Items from a data source:
######

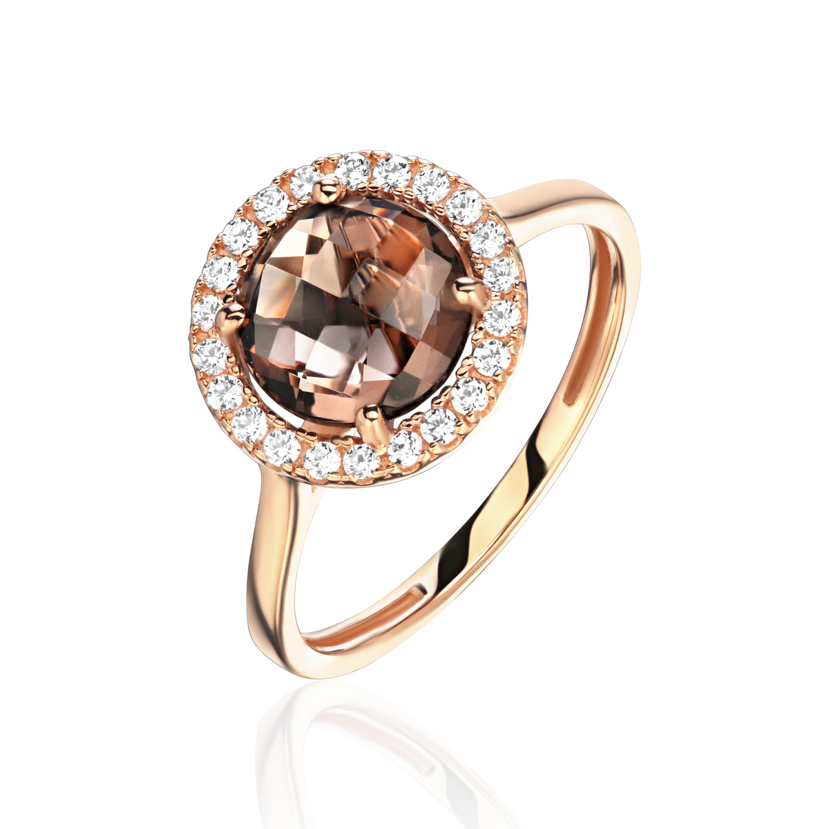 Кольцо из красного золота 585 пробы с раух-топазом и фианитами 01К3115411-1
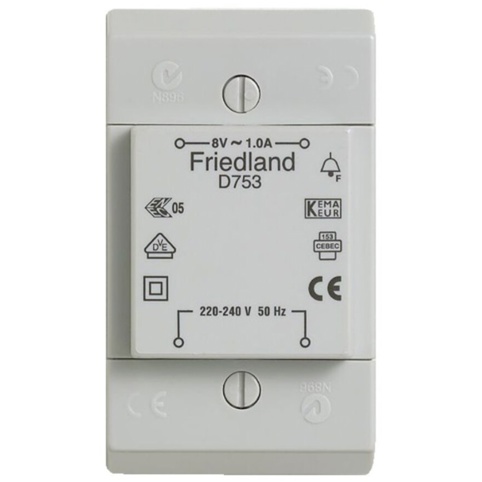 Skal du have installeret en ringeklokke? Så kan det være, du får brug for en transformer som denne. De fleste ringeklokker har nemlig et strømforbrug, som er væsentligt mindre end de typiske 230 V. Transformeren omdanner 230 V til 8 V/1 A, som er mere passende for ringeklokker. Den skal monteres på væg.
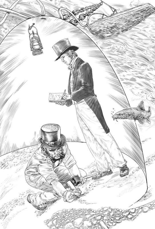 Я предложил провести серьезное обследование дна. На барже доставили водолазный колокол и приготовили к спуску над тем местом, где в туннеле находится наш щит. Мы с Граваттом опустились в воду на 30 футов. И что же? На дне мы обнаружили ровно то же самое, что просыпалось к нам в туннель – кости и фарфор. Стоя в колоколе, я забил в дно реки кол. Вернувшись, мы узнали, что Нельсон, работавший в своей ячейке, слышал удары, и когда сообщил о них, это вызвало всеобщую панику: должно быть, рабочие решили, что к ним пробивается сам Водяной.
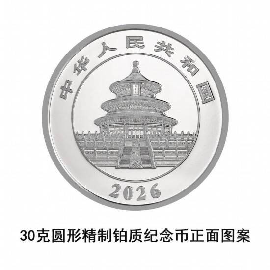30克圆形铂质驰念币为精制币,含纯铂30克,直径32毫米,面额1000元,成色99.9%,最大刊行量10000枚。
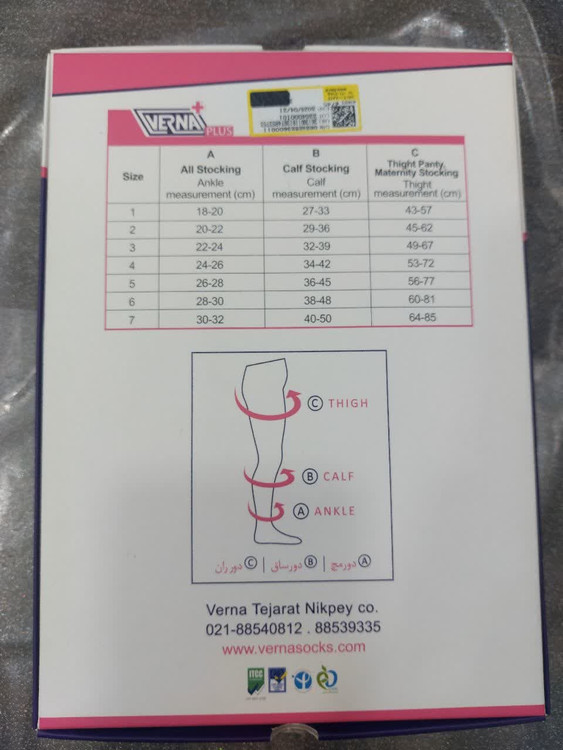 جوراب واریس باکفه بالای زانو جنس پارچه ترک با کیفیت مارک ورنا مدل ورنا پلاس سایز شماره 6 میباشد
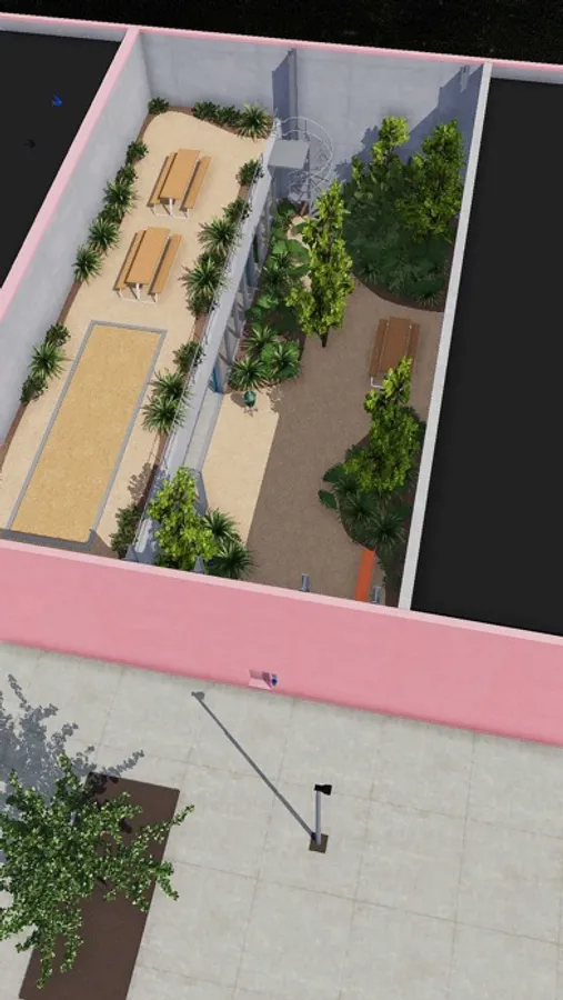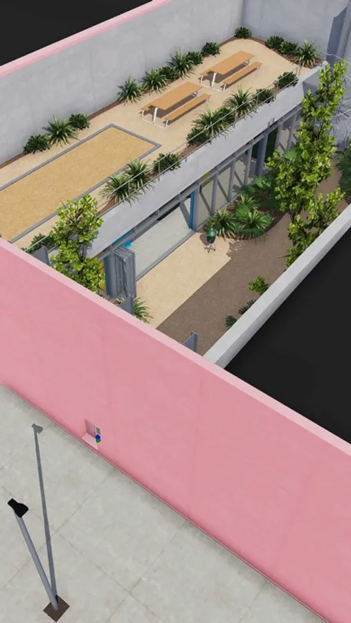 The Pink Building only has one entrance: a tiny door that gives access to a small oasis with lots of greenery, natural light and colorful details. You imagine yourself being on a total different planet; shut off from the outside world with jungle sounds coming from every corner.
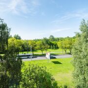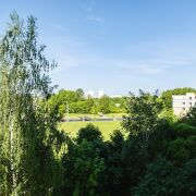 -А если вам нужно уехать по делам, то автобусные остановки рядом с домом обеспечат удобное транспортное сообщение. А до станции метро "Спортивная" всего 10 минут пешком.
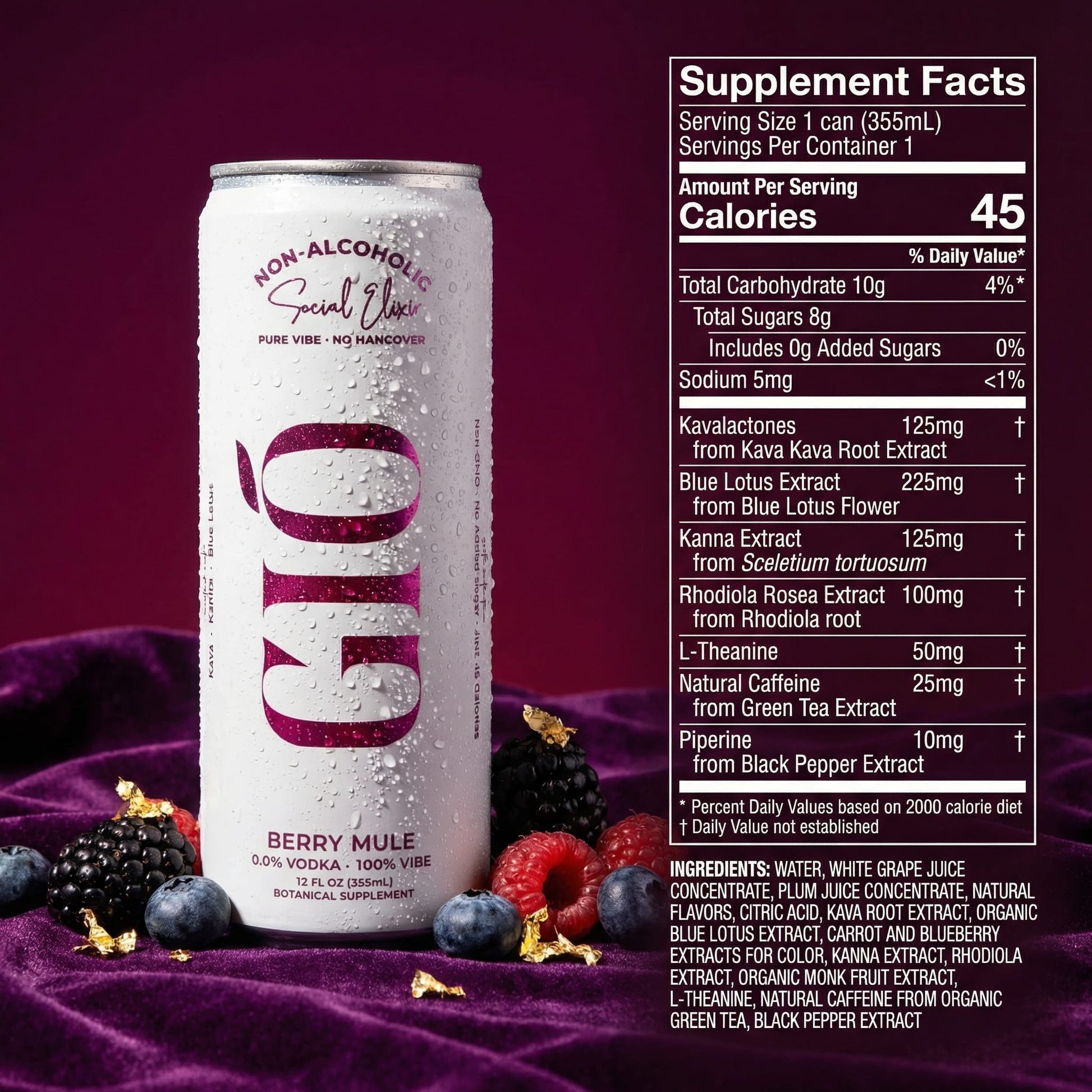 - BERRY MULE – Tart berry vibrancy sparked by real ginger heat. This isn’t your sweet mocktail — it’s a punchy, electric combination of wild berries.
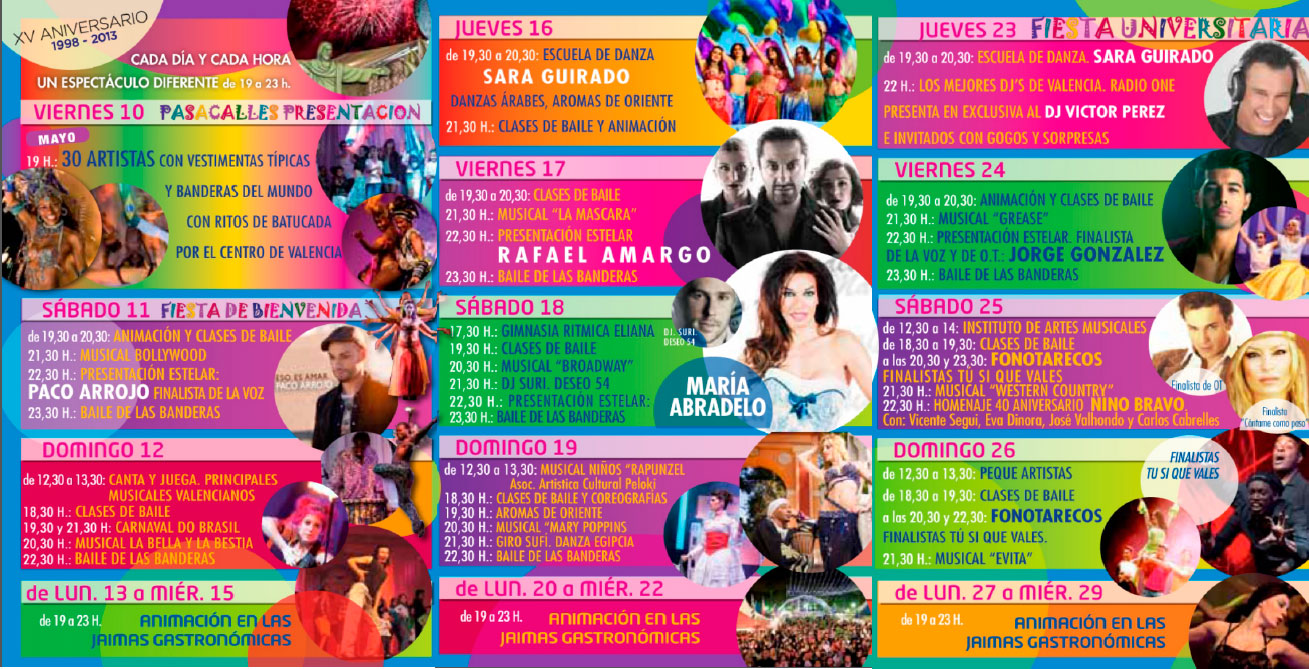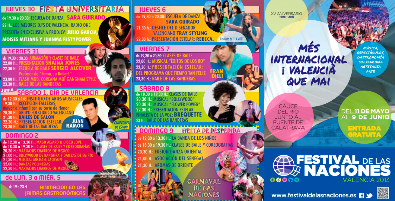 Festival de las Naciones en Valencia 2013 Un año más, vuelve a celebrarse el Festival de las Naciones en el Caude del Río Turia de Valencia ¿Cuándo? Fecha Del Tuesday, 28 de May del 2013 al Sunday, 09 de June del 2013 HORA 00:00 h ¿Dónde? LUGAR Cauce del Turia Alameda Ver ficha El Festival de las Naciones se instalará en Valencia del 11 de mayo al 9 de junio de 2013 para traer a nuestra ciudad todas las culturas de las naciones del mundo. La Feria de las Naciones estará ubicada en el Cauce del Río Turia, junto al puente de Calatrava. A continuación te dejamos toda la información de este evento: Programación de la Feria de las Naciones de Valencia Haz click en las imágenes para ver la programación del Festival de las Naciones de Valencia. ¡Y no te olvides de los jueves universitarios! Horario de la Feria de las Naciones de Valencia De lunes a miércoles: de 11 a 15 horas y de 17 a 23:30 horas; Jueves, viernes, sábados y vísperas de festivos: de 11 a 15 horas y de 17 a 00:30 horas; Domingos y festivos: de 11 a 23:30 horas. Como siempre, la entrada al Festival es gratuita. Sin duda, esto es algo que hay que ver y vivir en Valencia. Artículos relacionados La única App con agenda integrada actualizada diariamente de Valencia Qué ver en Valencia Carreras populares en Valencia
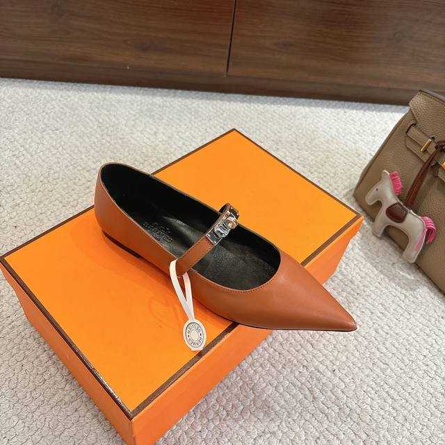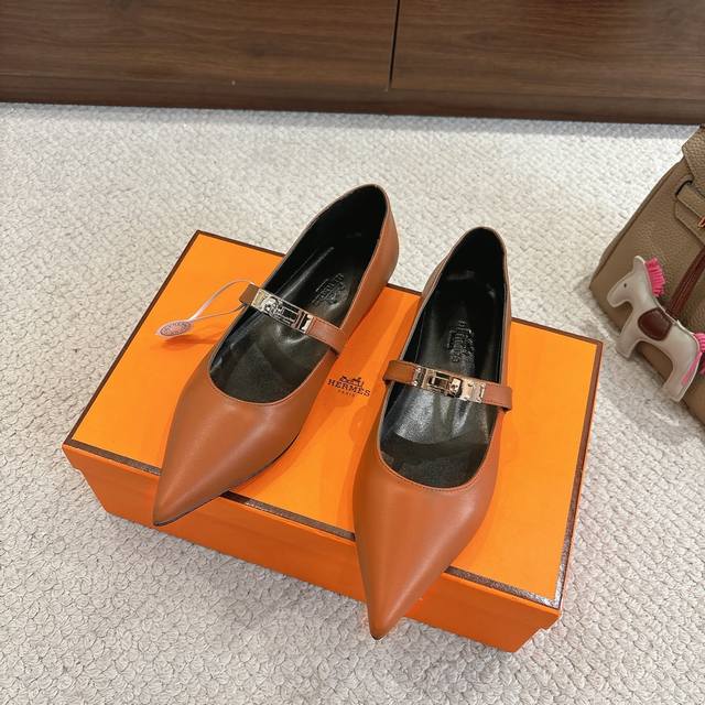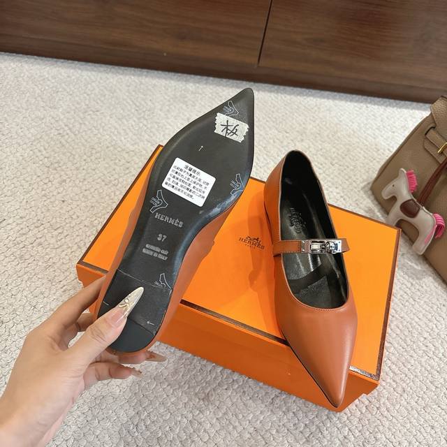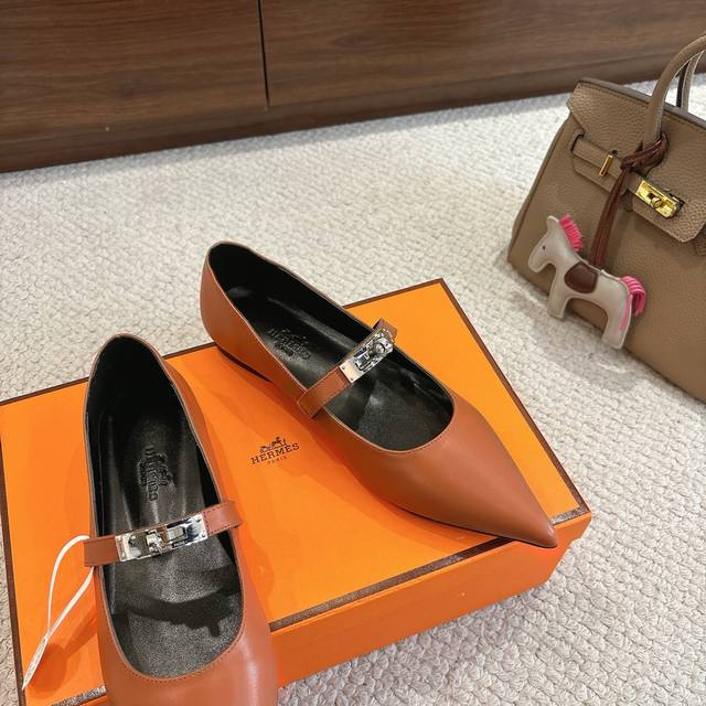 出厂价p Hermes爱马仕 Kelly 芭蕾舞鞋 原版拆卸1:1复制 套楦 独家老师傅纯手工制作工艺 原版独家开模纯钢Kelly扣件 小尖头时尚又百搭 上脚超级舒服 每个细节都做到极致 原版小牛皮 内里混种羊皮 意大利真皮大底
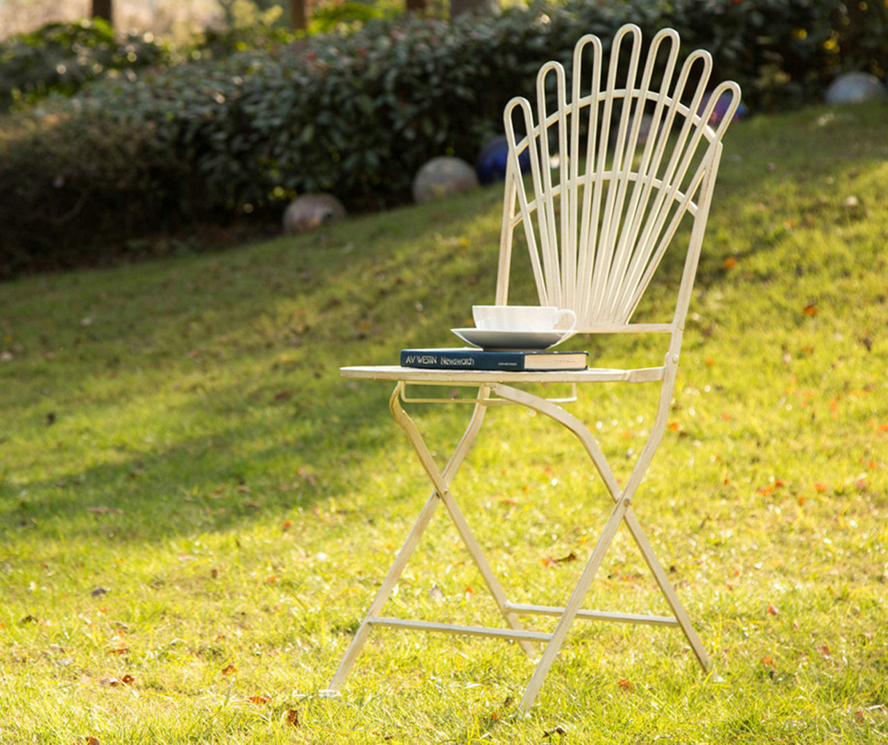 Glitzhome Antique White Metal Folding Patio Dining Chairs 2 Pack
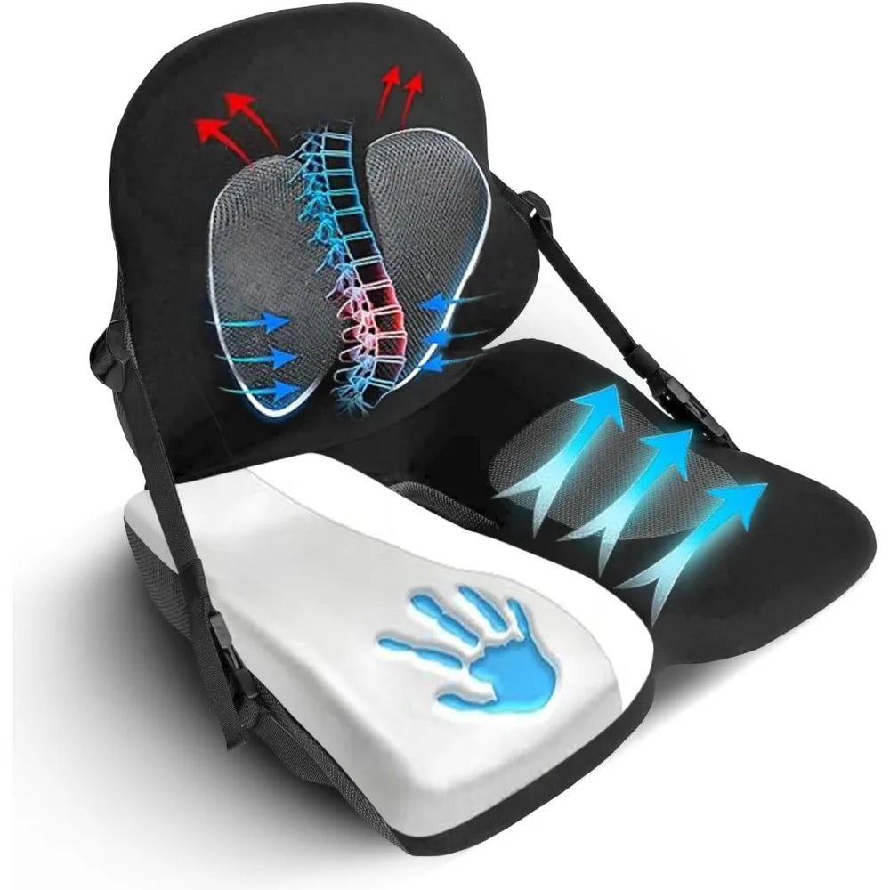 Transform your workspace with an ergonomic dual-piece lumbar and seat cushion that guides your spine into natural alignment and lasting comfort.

######

## PROBLEM TO SOLVE
A faithful copy of all the data above is required, printed exactly and with no pictures.

## OUTPUT BELOW
 Кольцо из красного золота 585 пробы с раух-топазом и фианитами 01К3115411-1
 Skal du have installeret en ringeklokke? Så kan det være, du får brug for en transformer som denne. De fleste ringeklokker har nemlig et strømforbrug, som er væsentligt mindre end de typiske 230 V. Transformeren omdanner 230 V til 8 V/1 A, som er mere passende for ringeklokker. Den skal monteres på væg.
 Я предложил провести серьезное обследование дна. На барже доставили водолазный колокол и приготовили к спуску над тем местом, где в туннеле находится наш щит. Мы с Граваттом опустились в воду на 30 футов. И что же? На дне мы обнаружили ровно то же самое, что просыпалось к нам в туннель – кости и фарфор. Стоя в колоколе, я забил в дно реки кол. Вернувшись, мы узнали, что Нельсон, работавший в своей ячейке, слышал удары, и когда сообщил о них, это вызвало всеобщую панику: должно быть, рабочие решили, что к ним пробивается сам Водяной.
30克圆形铂质驰念币为精制币,含纯铂30克,直径32毫米,面额1000元,成色99.9%,最大刊行量10000枚。
 جوراب واریس باکفه بالای زانو جنس پارچه ترک با کیفیت مارک ورنا مدل ورنا پلاس سایز شماره 6 میباشد
 The Pink Building only has one entrance: a tiny door that gives access to a small oasis with lots of greenery, natural light and colorful details. You imagine yourself being on a total different planet; shut off from the outside world with jungle sounds coming from every corner.
 -А если вам нужно уехать по делам, то автобусные остановки рядом с домом обеспечат удобное транспортное сообщение. А до станции метро "Спортивная" всего 10 минут пешком.
 - BERRY MULE – Tart berry vibrancy sparked by real ginger heat. This isn’t your sweet mocktail — it’s a punchy, electric combination of wild berries.
 Festival de las Naciones en Valencia 2013 Un año más, vuelve a celebrarse el Festival de las Naciones en el Caude del Río Turia de Valencia ¿Cuándo? Fecha Del Tuesday, 28 de May del 2013 al Sunday, 09 de June del 2013 HORA 00:00 h ¿Dónde? LUGAR Cauce del Turia Alameda Ver ficha El Festival de las Naciones se instalará en Valencia del 11 de mayo al 9 de junio de 2013 para traer a nuestra ciudad todas las culturas de las naciones del mundo. La Feria de las Naciones estará ubicada en el Cauce del Río Turia, junto al puente de Calatrava. A continuación te dejamos toda la información de este evento: Programación de la Feria de las Naciones de Valencia Haz click en las imágenes para ver la programación del Festival de las Naciones de Valencia. ¡Y no te olvides de los jueves universitarios! Horario de la Feria de las Naciones de Valencia De lunes a miércoles: de 11 a 15 horas y de 17 a 23:30 horas; Jueves, viernes, sábados y vísperas de festivos: de 11 a 15 horas y de 17 a 00:30 horas; Domingos y festivos: de 11 a 23:30 horas. Como siempre, la entrada al Festival es gratuita. Sin duda, esto es algo que hay que ver y vivir en Valencia. Artículos relacionados La única App con agenda integrada actualizada diariamente de Valencia Qué ver en Valencia Carreras populares en Valencia
 出厂价p Hermes爱马仕 Kelly 芭蕾舞鞋 原版拆卸1:1复制 套楦 独家老师傅纯手工制作工艺 原版独家开模纯钢Kelly扣件 小尖头时尚又百搭 上脚超级舒服 每个细节都做到极致 原版小牛皮 内里混种羊皮 意大利真皮大底
 Glitzhome Antique White Metal Folding Patio Dining Chairs 2 Pack
 Transform your workspace with an ergonomic dual-piece lumbar and seat cushion that guides your spine into natural alignment and lasting comfort.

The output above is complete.